### WHAT THIS TASK INVOLVES
Restate word for word every entry that appears below, skipping its pictures.

### RECORDS SUPPLIED
╔══
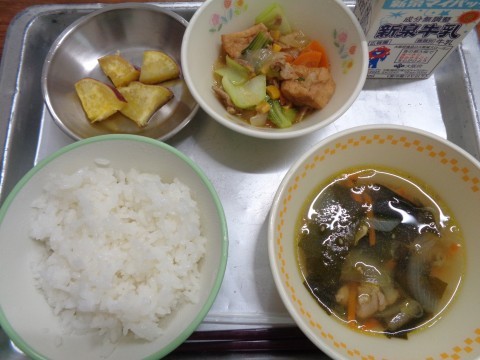 今日の献立は,『ごはん・牛乳・わかめスープ・厚揚げの中華煮・焼き大学芋』です。
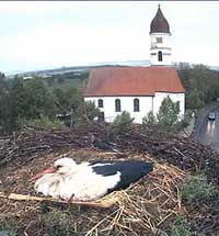 The fascination with on-line bird watching isn’t limited to North America. For example, there are a number of “stork” cameras in Europe, including one shown at the left in the Southwest German town of Gögglingen (visit web site. Note, there may be an ad). The site includes a link to a Google satellite view showing the exact location of the nest and the church seen in the background.
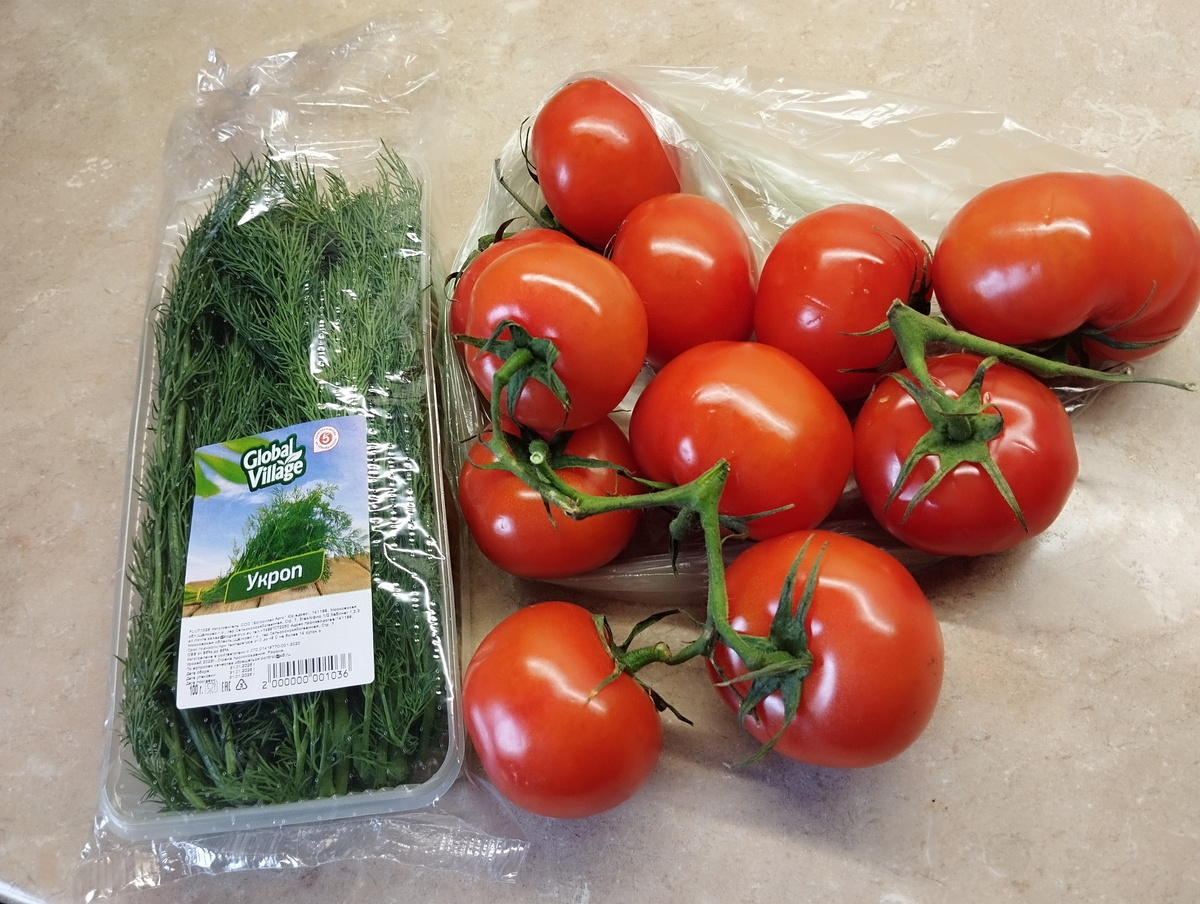 В этом году я не делала заготовки помидор, у меня оставались баночки ассорти с огурцами. Но сейчас захотелось соленых помидор, а в банке с огурцами их как-то мало. Увидела сегодня красивые помидорки на ветках в магазине, и они даже пахли помидорами. Но, к сожалению, они оказались жесткие и кислые, и я решила их замалосолить. Купила к ним пучок укропа. Этим рецептом пользуюсь давно, помидоры получаются вкусные, самое сложное дождаться до завтра, когда они хорошо промаринуются. Нужно 10-15 помидоров, маринад делаем на 2 литра воды. Складываем все в большую кастрюлю. Пушистые веточки укропа я оставила на салаты, остальное положила в маринад. На 2 литра воды: 3 стл соли 8.5 стл сахара 4 стл уксуса 9% 3 зубчика чеснока продавить через пресс черный перец горошком укроп Накалываем помидоры вилкой, закладываем в маринад. Накрываем крышкой и ставим вариться. Как закипит, выключаем огонь и, не поднимая крышку, оставляем до завтра. За это время в горячем маринаде помидоры хорошо промаринуются, п
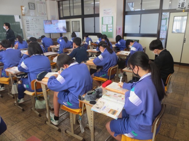 24社会では、日清戦争について学習をしています。当時の日本と清の関係や、戦争に至った背景、戦後の日本社会への影響について、資料や教科書をもとに考えを深めています。
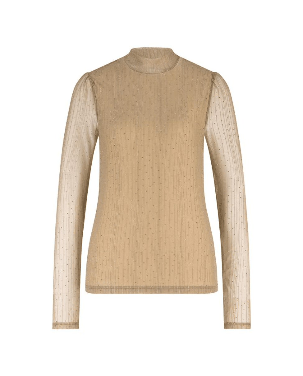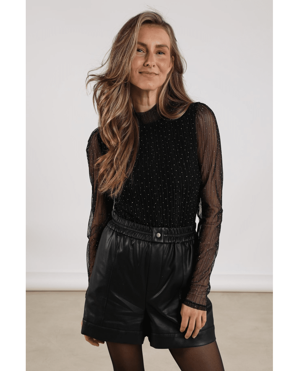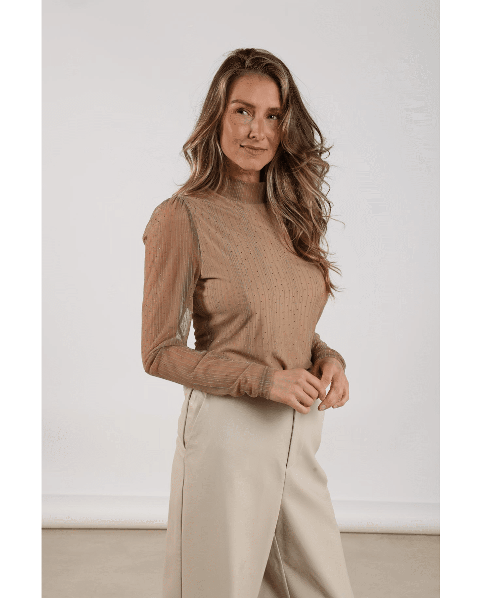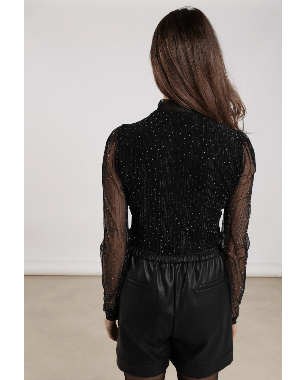 Puck - Dames top van Nukus met strass, opstaande hals en lange mouwen
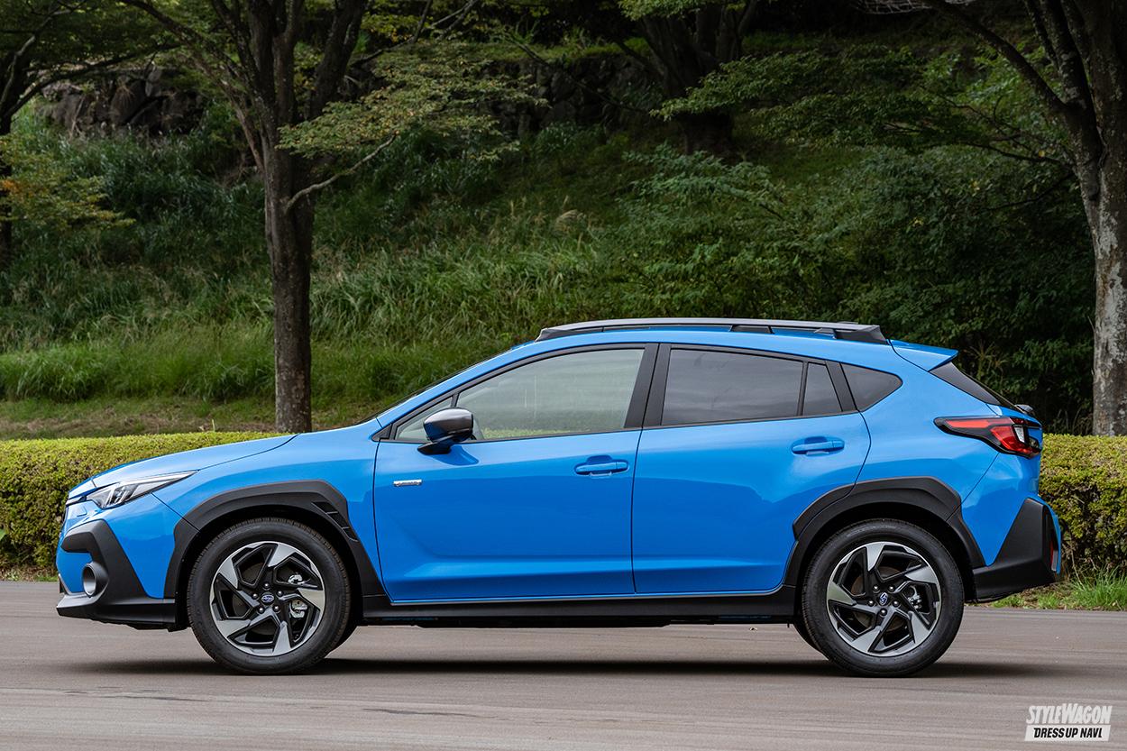 サイドのクラッディングが拡大し、SUVらしさを強調しながら、ウエストラインが後方でグッと跳ね上がるなど、キャビンを小さく見せる工夫も印象的だ。また、全幅を1800㎜に抑えることで日本での取り回しに配慮しており、それでいながら最低地上高は200㎜と十分な高さを確保している。
╚══
### EXERCISE RESPONSE
 今日の献立は,『ごはん・牛乳・わかめスープ・厚揚げの中華煮・焼き大学芋』です。
 The fascination with on-line bird watching isn’t limited to North America. For example, there are a number of “stork” cameras in Europe, including one shown at the left in the Southwest German town of Gögglingen (visit web site. Note, there may be an ad). The site includes a link to a Google satellite view showing the exact location of the nest and the church seen in the background.
 В этом году я не делала заготовки помидор, у меня оставались баночки ассорти с огурцами. Но сейчас захотелось соленых помидор, а в банке с огурцами их как-то мало. Увидела сегодня красивые помидорки на ветках в магазине, и они даже пахли помидорами. Но, к сожалению, они оказались жесткие и кислые, и я решила их замалосолить. Купила к ним пучок укропа. Этим рецептом пользуюсь давно, помидоры получаются вкусные, самое сложное дождаться до завтра, когда они хорошо промаринуются. Нужно 10-15 помидоров, маринад делаем на 2 литра воды. Складываем все в большую кастрюлю. Пушистые веточки укропа я оставила на салаты, остальное положила в маринад. На 2 литра воды: 3 стл соли 8.5 стл сахара 4 стл уксуса 9% 3 зубчика чеснока продавить через пресс черный перец горошком укроп Накалываем помидоры вилкой, закладываем в маринад. Накрываем крышкой и ставим вариться. Как закипит, выключаем огонь и, не поднимая крышку, оставляем до завтра. За это время в горячем маринаде помидоры хорошо промаринуются, п
 24社会では、日清戦争について学習をしています。当時の日本と清の関係や、戦争に至った背景、戦後の日本社会への影響について、資料や教科書をもとに考えを深めています。
 Puck - Dames top van Nukus met strass, opstaande hals en lange mouwen
 サイドのクラッディングが拡大し、SUVらしさを強調しながら、ウエストラインが後方でグッと跳ね上がるなど、キャビンを小さく見せる工夫も印象的だ。また、全幅を1800㎜に抑えることで日本での取り回しに配慮しており、それでいながら最低地上高は200㎜と十分な高さを確保している。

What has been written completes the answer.